TO DO
For the data below, retype word for word the lines from the one containing "その毛先を三つ編みにし、毛先に逆毛を立てて留める" through the one containing "CVLA x Marvel"; drop the pictures.

RECORD EXCERPTS
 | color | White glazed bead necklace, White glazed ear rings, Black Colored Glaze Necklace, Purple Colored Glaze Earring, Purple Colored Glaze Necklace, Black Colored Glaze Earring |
* * *
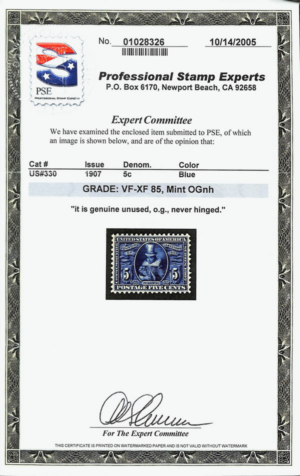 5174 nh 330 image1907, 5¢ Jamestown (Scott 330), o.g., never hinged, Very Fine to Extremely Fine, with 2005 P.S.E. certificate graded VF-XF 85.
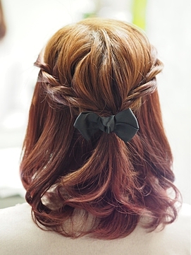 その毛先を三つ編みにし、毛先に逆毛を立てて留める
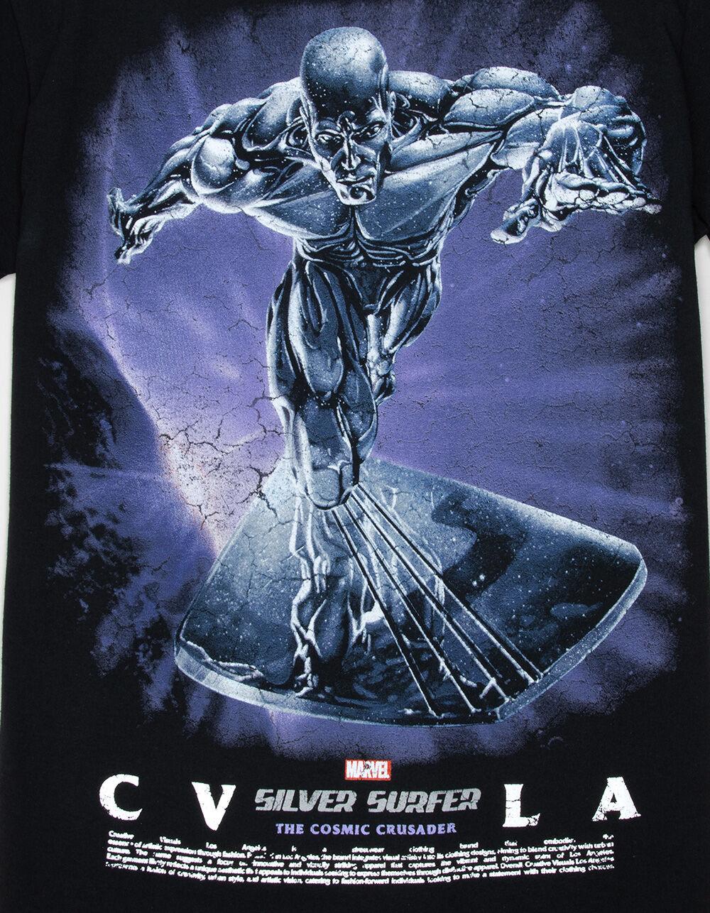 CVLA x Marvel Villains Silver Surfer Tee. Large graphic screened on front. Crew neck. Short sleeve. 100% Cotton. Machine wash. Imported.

TASK ANSWER
 その毛先を三つ編みにし、毛先に逆毛を立てて留める
 CVLA x Marvel Villains Silver Surfer Tee. Large graphic screened on front. Crew neck. Short sleeve. 100% Cotton. Machine wash. Imported.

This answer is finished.